[Work item] Would you please repeat exactly the entries below, starting at the line with "婴侍卫创意合体机器人儿童大颗粒积木拼装玩具" and ending at the line with "depuis quelques jours...", and nothing outside that range? Leave out the pictures.

[Data to use]
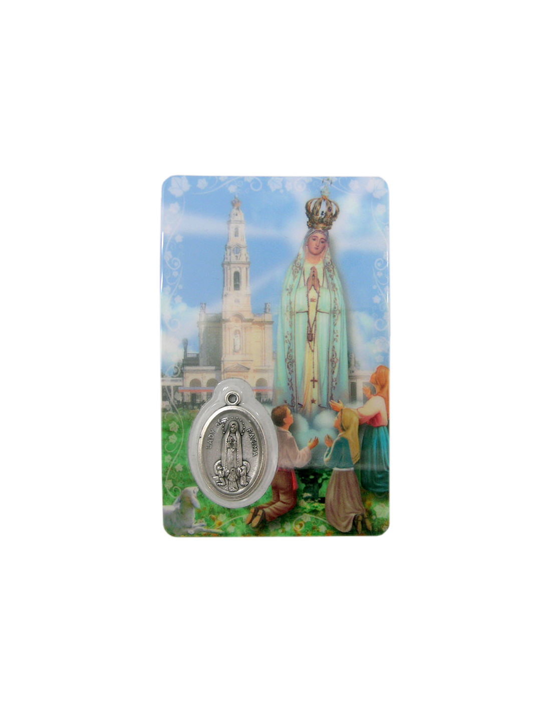Estampa con Medalla de la Virgen De Fatima Coronada. La estampa mide 8x5cm y está realizada íntegramente en plástico en Canadá con un proceso optimizado de tecnología eficiente y sostenible.La medalla se encuentra integrada en la estampa. Ambas cosas le confieren una gran durabilidad, y que el color se mantenga en el tiempo.
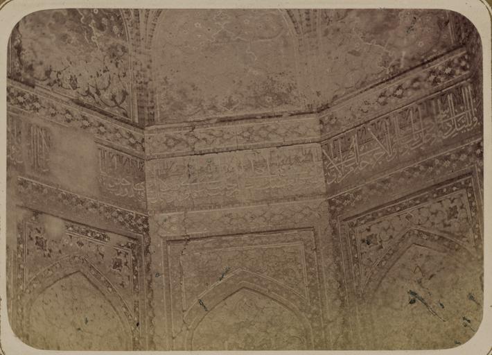 | Keywords: Antiquities of Samarkand. Inner Courtyard of the Shir Dar Madrasah. Inscriptions around the Inner Niche and Its Upper Sections. Center WDL3834.png Artwork ru Богаевский иколай Владими ович 1843 1912 гг fr Bogaevskii Nikolaï V 1843-1912 en Bogaevskii Nikolai V 1843-1912 zh 亚历山大·L· ,1840-1888 年 pt Bogaevskii Nikolai V 1843-1912 ar بوغافسكي، نيكولاي ف ، 1843-1912 es Bogaevskii Nikolai V 1843-1912 ru Сама кандские д евности Внут енний дво мед есе Ши -До адписи вдоль внут енней ниши и в ве хней ее части Се едина fr Antiquités de Samarcande Cour intérieure de la madrasa de Shir Dar Inscriptions autour de la niche intérieure et ses sections supérieures Centre en Antiquities of Samarkand Inner Courtyard of the Shir Dar Madrasah Inscriptions around the Inner Niche and Its Upper Sections Center zh 撒马尔罕古迹 尔·达伊斯兰教学校内部庭院 内部壁龛四周的铭文及壁龛的上半部分 中间部分 pt Antiguidades de Samarcanda Pátio interno da madrassa Shir Dar Inscrições em torno do nicho interno e suas seções superiores Centro ar آثار سمرقند الفناء الداخلي لمدرسة شير دار نقوش حول المِشْكاة الداخلية وأجزائها العلوية المنتصف ru Эта фотог афия внут еннего дво а мед есе Ши -До в Сама канде Узбекистан соде жится в а хеологической части <em> Ту кестанского альбома </em> Шеститомное фотог афическое исследование было подготовлено и издано в 1871 1872 гг под пат онажем гене ала Константина П фон Кауфмана пе вого гене ал-губе нато а 1867 1882 гг Ту кестана как называли в то в емя те ито ию Цент альной Азии п инадлежавшую Российской импе ии В альбоме уделяется особое внимание исламской а хитекту е Сама канда в том числе памятникам XIV и XV вв пе иода п авления Тиму а Таме лана и его п еемников В цент е Сама канда находится ансамбль Регистан объединяющий в себе т и основных об азца <em>madrasah</em> мед есе елигиозных школ Вто ая мед есе в ансамбле Ши -До была пост оена в 1619 1636 гг во в емена династии Ашта ханидов есмот я на значительные пов еждения нанесенные мед есе в течение многих веков она остается одним из самых богато ук ашенных памятников в Цент альной Азии Фо ма этой мед есе п едставляет собой п ямоугольный дво ок уженный двухэтажной а кадой а снимке видна ве хняя часть ниши <em>айвана</em> сводчатого зала с одним отк ытым концом ок уженного с т ех сто он стенами в цент е южной стены Пове хности пок ыты многоцветной плиткой майоликой об азующей сложные геомет ические и ботанические узо ы П ямоугольные панели со ст ельчатыми а ками ведут к го изонтальной полосе с надписью в укописном стиле сулюс ад надписью находятся ост оконечные а очные панели азделенные системой пе есекающихся еб истых сводов <br>А хитекту ные ук ашения и деко ативные элементы; адписи; Исламская а хитекту а; ед есе; Фотог афические исследования fr Cette photographie de l'intérieur de la cour de la madrasa de Shir Dar à Samarcande Ouzbékistan est extraite de l'ouvrage archéologique <em>Album du Turkestan</em> Cet inventaire photographique en six volumes fut réalisé entre 1871 et 1872 sous le patronage du général Konstantin P von Kaufman premier gouverneur général 1867-1882 du Turkestan nom donné aux territoires d'Asie centrale de l'Empire russe L'album consacre une attention particulière à l'architecture islamique de Samarcande avec notamment des monuments datant des XIV<sup>e</sup> et XV<sup>e</sup> siècles lors du règne de Tamerlan et de ses successeurs Situé au centre de Samarcande l'ensemble du Registan est composé de trois exemples majeurs de <em>madrasa</em> école religieuse La madrasa de Shir Dar seconde de l'ensemble fut construite entre 1619 et 1636 au cours de la dynastie astrakane Malgré les dommages considérables subis au cours des siècles elle demeure l'un des monuments les plus luxueusement décorés d'Asie centrale Cette madrasa est formée d'une cour rectangulaire entourée d'une arcade à deux étages Cette vue présente la partie supérieure de la niche de l'<em>aivan</em> salle voûtée dotée de trois murs et d'un côté ouvert au centre du mur sud Les surfaces sont recouvertes de carreaux de majolique polychromes formant des motifs géométriques et floraux complexes Les panneaux rectangulaires dotés d'arches pointues orientent le regard vers une bande d'inscription horizontale en style cursif thoulouth Au-dessus de l'inscription des panneaux sont divisés selon un système de voûtes striées entrelacées <br>Décorations et ornements architecturaux; Inscriptions; Architecture islamique
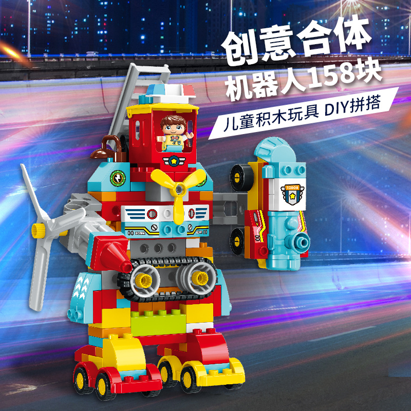 婴侍卫创意合体机器人儿童大颗粒积木拼装玩具
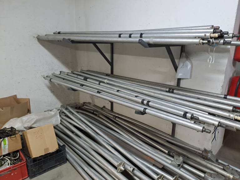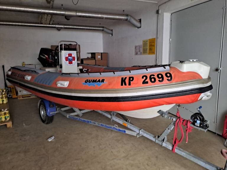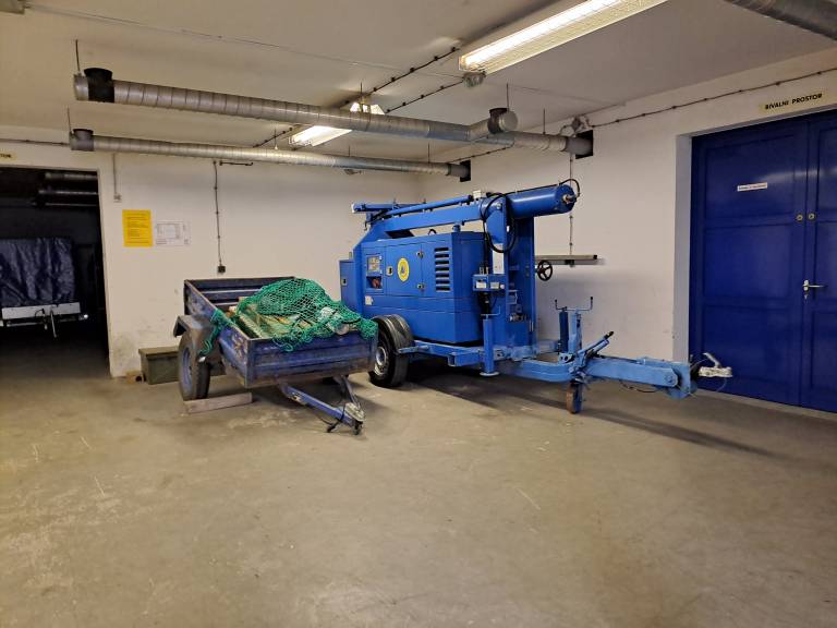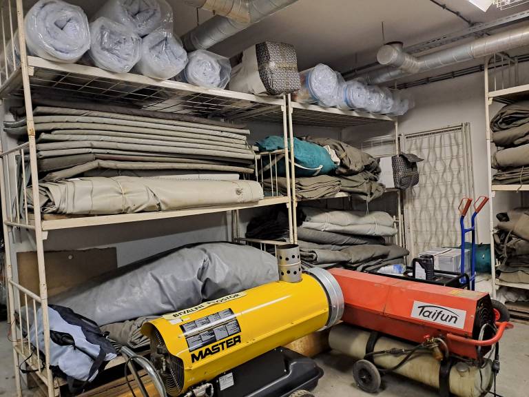 Shranjene so različne potrebščine, kot so šotorska platna, oblačila, grelci in oprema za nujne primere. V njem je tudi prostor z mizami in stoli.
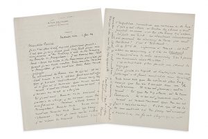 «En attendant le train sur le quai il m'était venu 2 ou 3 idées fondamentales que je devais introduire dans mon texte; et au fur et à mesure que nous avancions d'autres idées me venaient que j'avais du mal à classer. Et pourtant, lundi soir devant un public de choix j'ai donné une bonne conférence. Mémé [sa femme Maria] était venue à Bruxelles lundi soir. Nous sommes rentrés mardi soir tous les deux enrhumés. Moi je suis resté debout et j'ai repris le travail»... Ils ont été très heureux de recevoir sa lettre, étant sans nouvelles d'elle depuis quelques jours...
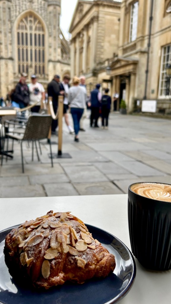 On the day our story begins, I was waiting to tour the Roman Baths in Bath, England. I stopped at a coffee shop in the Bath Abbey churchyard, bought an almond croissant and a latte, and found a table outside. It was the perfect ~food~ photo opportunity, with the abbey as the backdrop. The second after I took the picture, a giant seagull dove at my table, stole the croissant, and splashed coffee everywhere. And thus, the opening line for my newly revived dating app was born. “Hi there, a seagull stole my croissant this morning, how’s your day going?” Unfortunately, for accuracy’s sake, I have since deleted said app and resisted taking any screenshots of the following conversation. One guy, let’s call him, Graham, (get it? The Holiday? You’ll see…) responded, explaining that since he grew up by the sea, he’d learned to keep a hand free for seagull/food protection. And, with that, a July some-kind-of love began.

[Written solution]
 婴侍卫创意合体机器人儿童大颗粒积木拼装玩具
 Shranjene so različne potrebščine, kot so šotorska platna, oblačila, grelci in oprema za nujne primere. V njem je tudi prostor z mizami in stoli.
 «En attendant le train sur le quai il m'était venu 2 ou 3 idées fondamentales que je devais introduire dans mon texte; et au fur et à mesure que nous avancions d'autres idées me venaient que j'avais du mal à classer. Et pourtant, lundi soir devant un public de choix j'ai donné une bonne conférence. Mémé [sa femme Maria] était venue à Bruxelles lundi soir. Nous sommes rentrés mardi soir tous les deux enrhumés. Moi je suis resté debout et j'ai repris le travail»... Ils ont été très heureux de recevoir sa lettre, étant sans nouvelles d'elle depuis quelques jours...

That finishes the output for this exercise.